La rinitis alérgica es causada por la exposición de pacientes sensibilizados a antígenos inhalados y mediada inmunológicamente por un mecanismo de hipersensibilidad tipo I. Los antihistamínicos en la rinitis alérgica compiten con la histamina por los receptores H1. Los antihistamínicos de segunda generación también antagonizan a los leucotrienos, prostaglandinas y quininas. Los antihistamínicos H1 clásicos presentan efectos como sedación y efecto anticolinérgico, mientras que los últimos fármacos como el astemizol, cetirizina, ebastina, fexofenadina, loratadina y mizolastina carecen de estos efectos o intentan minimizarlos. Todos son eficaces en rinoconjuntivitis moderada o intermitente. Utilizados por vía oral son efectivos en rinorrea, estornudos y prurito nasal, y no en congestión nasal. Todos los nuevos antihistamínicos H1 tienen metabolismo hepático salvo la cetirizina. La cetirizina interacciona con los macrólidos y antifúngicos, por ello se requiere ajustar la dosis de antihistamínico. Alguno de estos principios activos se ha asociado efectos adversos sobre el ritmo cardíaco pero se han minimizado al no exceder la dosis diaria recomendada. Los antihistamínicos tópicos como la azelastina y levocabastina están indicados en casos de síntomas moderados o intermitentes. Se empieza a notar mejoría a los pocos minutos de haberlo tomado.

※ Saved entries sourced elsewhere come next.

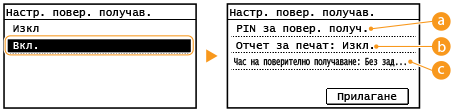 За да съхраните получените документи, за <Настройки за повер. получаване> задайте настройка <Вкл.>. Можете също да зададете допълнителни настройки, като например настройка за сигурност, която изисква парола за достъп до функцията, и интервал от време в денонощието за съхраняване на получените документи в паметта.
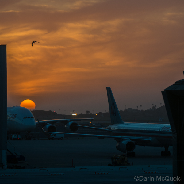 Natural flight at sunset in San Francisco.
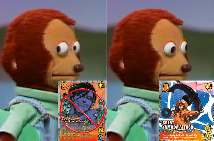 But all I can be about this character is “whelmed”. Having your resource unfairness hinge on the opponent not blocking makes that maybe a really crucial maybe. Being locked to a single keyword for deck building for what is no real equivalent boost in power also SUCKS. Imagine if Toji’s Heavenly Restriction made his forehead flicks hurt just a little bit more. That’s what it’s gonna feel like playing Happy Chaos. If you want to be stats+draw there are better, less restrictive options. Cool flavor though, and a bananas Secret Rare that I am going to make them regret printing, but a hard pass from me.
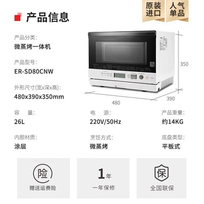 老板 智控旋钮搪瓷内胆蒸烤箱
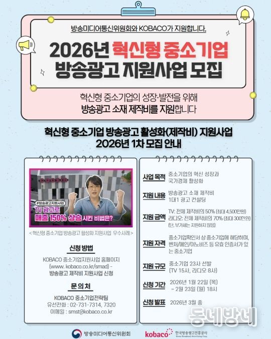 방송미디어통신위원회와 한국방송광고진흥공사는 22일 ‘2026년 중소기업‧소상공인 방송광고 제작지원사업’ 공개모집을 22일부터 한 달여간 진행한다고 밝혔다.
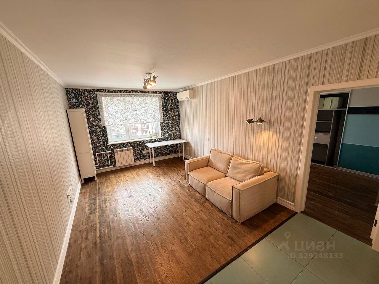 Гостиная: раскладной диван, рабочий стол, кондиционер.
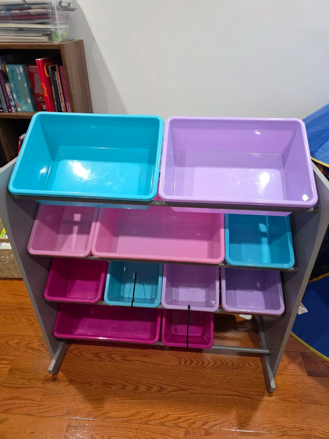 This toy organizer has a gray frame with multiple colorful bins. It features two large top bins in teal and lavender, with smaller pink, teal, and lavender bins below. This storage shelf is great for keeping toys tidy and accessible for children.
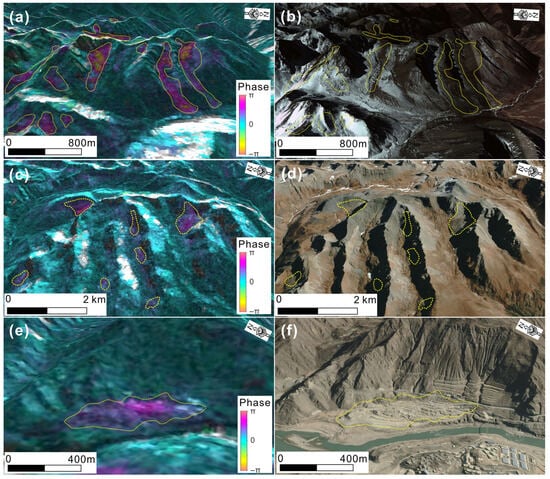 It is assumed that variables such as vegetation cover, topographical effects, and inaccuracies in data processing are fully eliminated. In addition to landslides, ground surface deformation frequently results from snow and ice melting, anthropogenic activities, etc. Consequently, the deformation region identified by stacking-InSAR technology should not be immediately regarded as a landslide. We excluded three types of non-landslide deformations observed in the optical satellite images. The first type was the deformation resulting from the melting of snow and ice, which was evident as a clustered strip area in high-elevation regions (generally greater than 4500 m) with steep gradients (Figure 6a,b). The second type of deformation involved dispersed small-scale changes. This included the source area of a debris flow (Figure 6c,d), seasonal changes on the surface due to variations in the water content of the loose sediment, and alterations to the ice layer on the lake surface, among others. The third type of deformation was caused by human engineering activities, primarily targeting construction sites with low-relief topography and gentle slopes (Figure 6e,f).
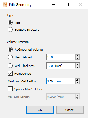 Note that Volume Fraction is set to 1.00 and Homogenize is not selected as this part is fully dense. We will use different settings in this dialog as we import Support Structures and a Lattice component from the Example_22 folder.
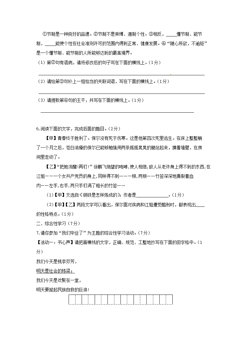 【文档名称】 2016年陕西省汉中中考语文真题及答案(Word版).doc

Las formas farmacéuticas disponibles por vía tópica son colirios (recientemente incorporados en el mercado) e inhaladores nasales. El tratamiento farmacológico es más eficaz si se puede anticipar su uso al iniciar los síntomas. No existen estudios concluyentes sobre la eficacia de los nuevos antihistamínicos.
Palabras claves:
  • EFICACIA
  • TOPICOS
  • INTERACCIONES
  • ANTI-HISTAMINICOS
  • ORALES
  • ARRITMIAS
  • SINTOMAS

NewsLetter de abstracts redactados por expertos del programa y con la colaboración de profesionales de la salud que trabajan en diferentes ámbitos asistenciales.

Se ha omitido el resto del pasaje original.